HDBScan performance issue when choosing Best algorithm

divya-agrawal3103 commented 6 months ago

Hi,

I am attempting to execute a stream that is using HDBScan clustering algorithm on a set of input data to generate a model. When I am selecting the Algorithm as Best and randomly passing 10% of the total input data (The input data is a csv file that has 15 columns, and ~169379 rows) , the stream executes and never finishes, I tracked it till 5hrs 9 mins and then had to stop.

This is the piece of code from the python script that is getting used to build the model, and it is runs forever and is taking all the time.

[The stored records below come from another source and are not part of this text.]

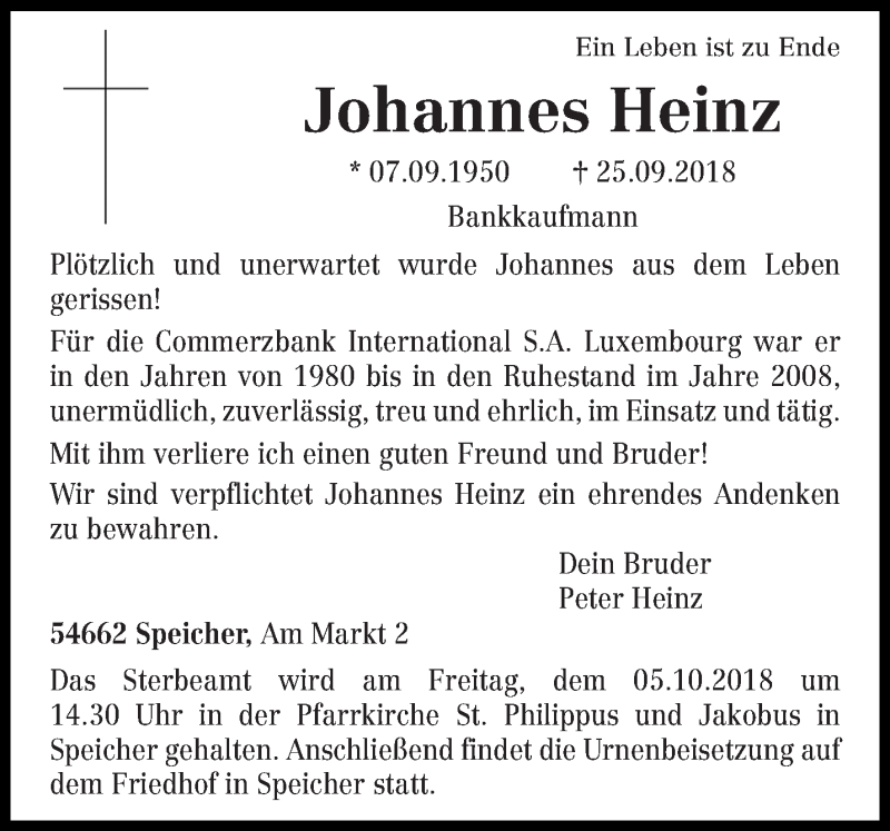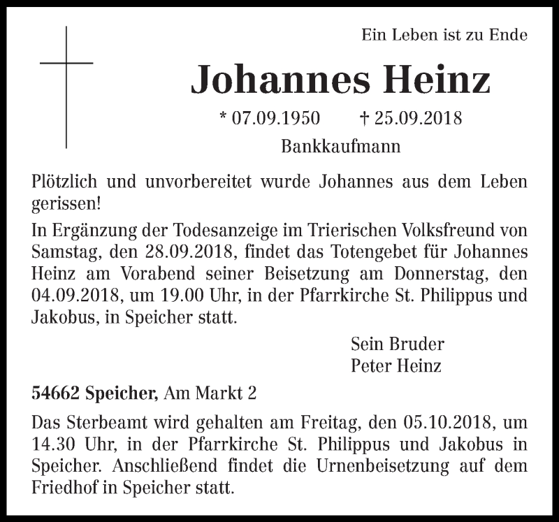 Hier finden Sie alle Traueranzeigen aus der Zeitung, die bisher für Johannes Heinz erschienen sind. Weitere Traueranzeigen, die in der Zeitung erscheinen, werden hier ebenfalls aufgelistet
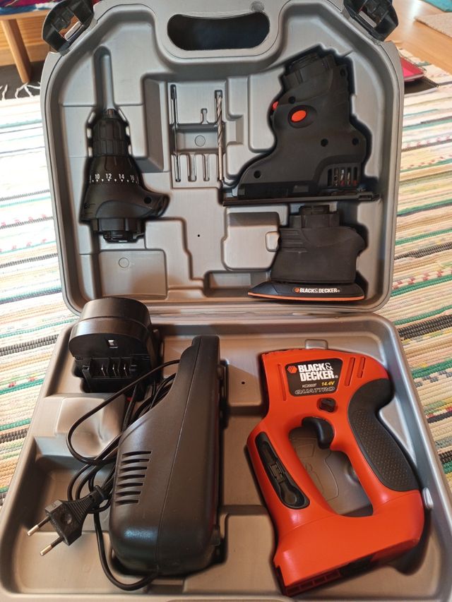Detalles del productoKit Black & Decker Quattro en perfecto estado. Incluye taladro, lijadora y caladora.
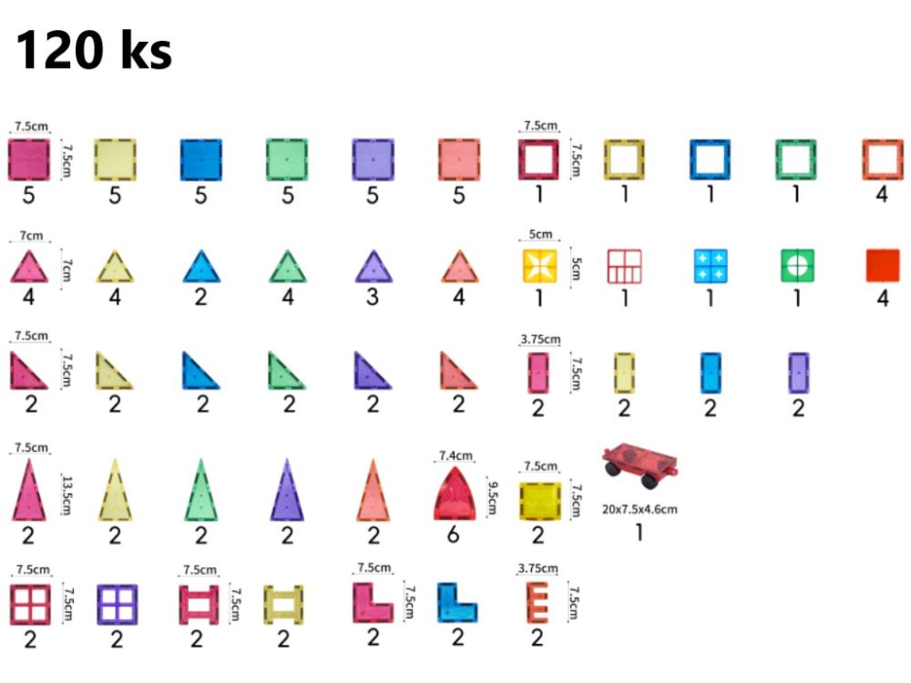 - Rozměry dílků: čtverec, 7,5 x 7,5 cm, trojúhelník rovnostranný 7 x 7 cm, trojúhelník pravoúhlý 7,5 x 7,5 cm, trojúhelník vysoký 13,5 x 7,5 cm, podvozek 4,6 x 20 x 7,5 cm (rozměry najdete v galerii fotografií).
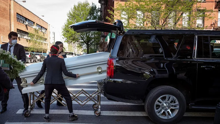 Người dân Mỹ đeo khẩu trang di chuyển một quan tài vào xe tang. Ảnh: RT
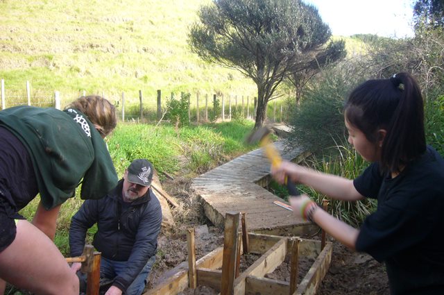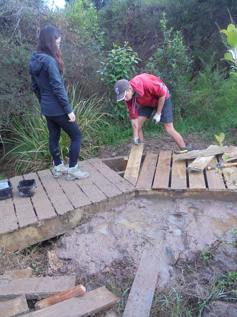 The team decided to reposition a small section of the existing boardwalk and also build a long section to extend the boardwalk.
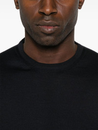 fine-knit T-shirt Highlights - Midnight blue - Ribbed cuffs and hem - Crew neck - Short sleeves Made in Italy Composition Wool 75%, Silk 20%, Cashmere 5% SIZE & FIT Model measurements Height 6 ft 0 in(1.84 m) Bust/Chest 35.82 in(91 cm) Hips 37 in(94 cm) Waist 28.34 in(72 cm) FittingInformation Designed for a regular fit allowing for a comfortably loose fit throughout the body Made with a lightweight knit, this piece offers some stretch
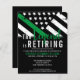 Este diseño de retiro incluye una bandera militar con rayas blancas y negras, y una delgada franja verde también. El texto de "La leyenda es agotadora" se sienta por encima del nombre del sargento retirado, capitán, soldado, teniente o general.

hdb = hdbscan.hdbscan_.HDBSCAN(min_cluster_size=param['min_cluster_size'],
                                       min_samples=param['min_samples'],
                                       metric=param['metric'],
                                       alpha=param['alpha'],
                                       p=param['p'],
                                       algorithm=param['algorithm'],
                                       leaf_size=param['leaf_size'],
                                       approx_min_span_tree=param['approx_min_span_tree'],
                                       cluster_selection_method=param['cluster_selection_method'],
                                       allow_single_cluster=param['allow_single_cluster'],
                                       gen_min_span_tree=param['gen_min_span_tree'],
                                       prediction_data=True).fit(X)

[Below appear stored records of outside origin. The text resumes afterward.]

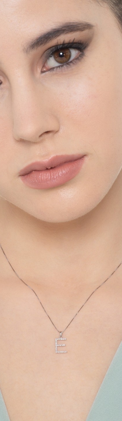 Collana lettera E in oro bianco 18k con diamanti, 1 cm
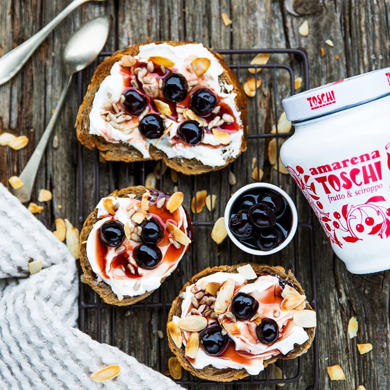 - SAVORY RECIPES: Because of their sweet and sour flavor profile, Toschi Amarena Cherries pair well with savory foods. Enjoy a crostini with brie or goat cheese topped with these Italian cherries on your next cheese board. For dinner, use Toschi Amarena to dress roast duck and potatoes.
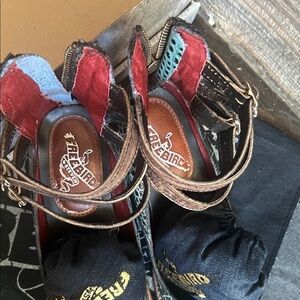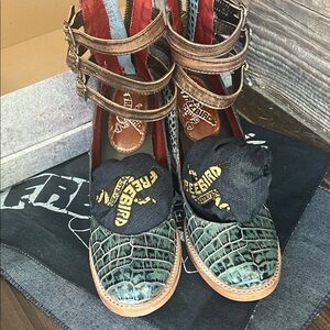 Elevate your look with Freebird's green croc-embossed heels. Features stylish brown straps and a sturdy block heel.
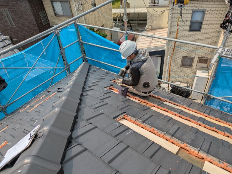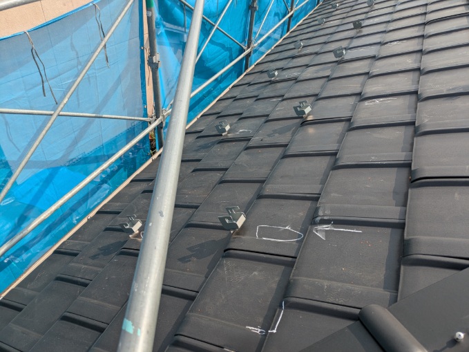 一度瓦をめくり、固定金具用の下地を取り付けていきます。
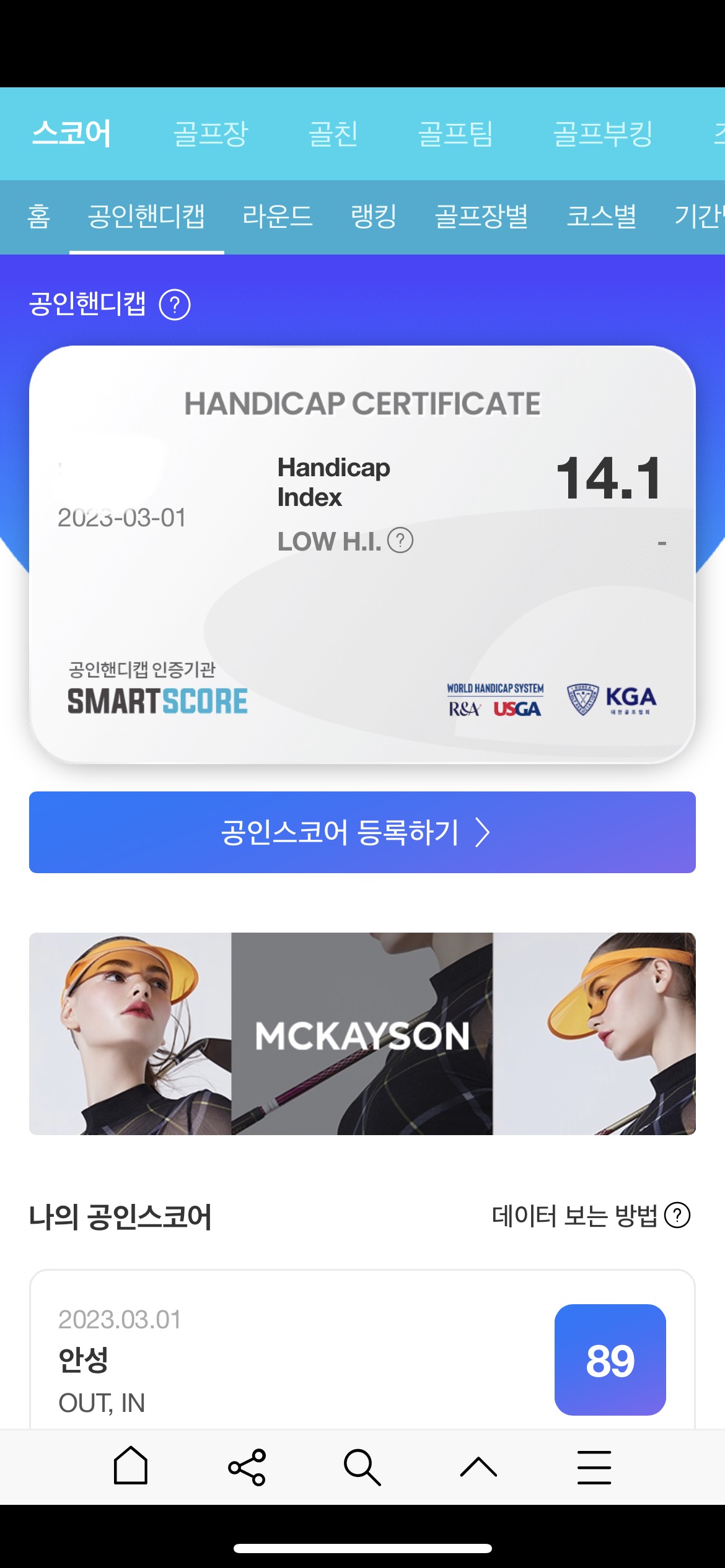 스마트 스코어에서 공인 핸디캡을 골퍼의 핸디캡을 공식적으로 인증할 수 있습니다. 바로 스마트 스코어 공인 핸디캡입니다.

Below are the inputs we are feeding- min_cluster_size = 50 min_samples = 5 metric = euclidean alpha = 1.0 p = 1.5 algorithm = best leaf_size = 30 approx_min_span_tree = True cluster_selection_method = eom allow_single_cluster = False gen_min_span_tree = True

Can you help us with this? 5hrs+ seems to be a lot of time. We need to optimise it. Note: This is happening if we choose the algorithm as Best and 10% of input data, with other algorithms it is finishing in reasonable time, also if we choose Best as the algorithm but only pass 8% of input data, it finishes within 2 minutes.

jc-healy commented 6 months ago

That is indeed strange behaviour. By 10% of input data I presume you mean clustering about ~16,000 points which are 15 dimensional. If so, 5hrs+ is remarkably slow and even two minutes is a bit slow. I can cluster 16,000 15 dimensional points with your parameters in about 4 seconds (truncatedSVD to 15 dimensions on top of MNIST). For scaling context I can handle 70,000 15 dimensional points in about 30 seconds.

My best guess is that there is something strange going on with your data being loaded from your csv. Is it properly numeric data? Or do you have 15 string columns that are being loaded as categorical values and being transformed via a one hot encoder or some such thing? Have you loaded it into a numpy array?

As an aside, I think your parameter of p=1.5 is being ignored. It is a parameter for Minkowski distance and should be ignored when your metric='euclidean'.

On Mon, Apr 22, 2024 at 5:30 AM divya-agrawal3103 @.***> wrote:

Hi,

I am attempting to execute a stream that is using HDBScan clustering algorithm on a set of input data to generate a model. When I am selecting the Algorithm as Best and randomly passing 10% of the total input data (The input data is a csv file that has 15 columns, and ~169379 rows) , the stream executes and never finishes, I tracked it till 5hrs 9 mins and then had to stop.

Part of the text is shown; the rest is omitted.